Friday , 29 March 2024

Iranian women athletes’ plight highlighted by top weightlifters leaving the country

Iran-HRM – The plight of Iranian women athletes has been highlighted by two weightlifters who fled the world sports camps, seeking asylum in other countries.

Iranian women athletes


In recent days, Parisa Jahanfekrian and Yekta Jamali, two women weightlifting champions left Iran.

Parisa Jahanfekrian, 27, has recently applied for political asylum from Germany.

Parisa Jahanfekrian, who should have been the first female weightlifter from Iran to compete at the Olympic Games last year, blames the Iranian Weightlifting Federation (IRIWF) for her heartbreaking absence from Tokyo – and much more besides.

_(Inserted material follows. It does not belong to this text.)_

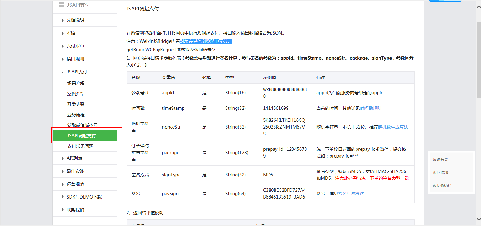 appIdtimeStampnonceStrpackagesignType//二次签名得到的 签名字符串paySignjs----------- 公众号的 小程序也差不多把接口返回的数据放如下所示WeixinJSBridge.invoke( 'getBrandWCPayRequest', { "appId": appId, "timeStamp": timeStamp, "nonceStr": nonceStr, "package":package, "signType":signType, "paySign":paySign }, function (res) { console.log("支付回调数据", res) // 使用以上方式判断前端返回,微信团队郑重提示: //res.err_msg将在用户支付成功后返回ok,但并不保证它绝对可靠。 if (res.err_msg == "get_brand_wcpay_request:ok") { //支付成功 } else { //支付失败 } });

She announced the news on her Instagram account. In part, her post read, “I speak of a generation that did not believe in being forgotten. A generation that did not accept being humiliated and restricted.”

Parisa Jahanfekrian announced her decision 48 hours after Her younger team-mate, 17-year-old Yekta Jamali, defected from the Iranian national team.
In an interview, Jahanfekrian said, “I felt that this is not my place anymore. I did not even have the primary weightlifting equipment, and nobody would help me. I think they will be happy with our departure.”

Iranian regime forbade women’s weightlifting until 2018 when the aim was to qualify females for Paris 2024.

Jahanfekrian first joined the national team in 2018, moving to weightlifting from the hammer throw in track and field after being spotted by a coach.

Yekta Jamali, 17, has also headed to Germany after leaving the Iranian team during the International Weightlifting Federation (IWF) Junior World Championships in Greece May 10, 2022.

Jamali was Iran’s best young prospect, three times a medallist at youth and junior World Championships in the past year.

She won a silver medal in the 2022 International Weightlifting Federation (IWF) Junior World Championships.

Iranian women athletes face numerous challenges and roadblocks. To be present in international arenas and follow their sports passions, they must acquire permits from the corrupt mullahs’ authorities. Although Iranian women athletes are winning more medals these days, they face added restrictions imposed by new legislation.
More Iranian women and men athletes have defected from Iran’s national team camps to seek refuge in other countries in recent years.

Two other Olympians who fled Iran now live in Germany and both competed for the International Olympic Committee’s Refugee Olympic Team in Tokyo last year.
They are the taekwondo player Kimia Alizadeh, who became the first female in any sport to win an Olympic medal for Iran in Rio 2016, and the canoeist Saeid Fazloula.

About 30 Iranian athletes in recent years have defected from Iranian national teams and sought asylum in other countries, including Judo champion Saeid Mollaei, Greco-Roman national team wrestler Ali Arsalan, and many others, due to alleged threats and corruption in sports federations.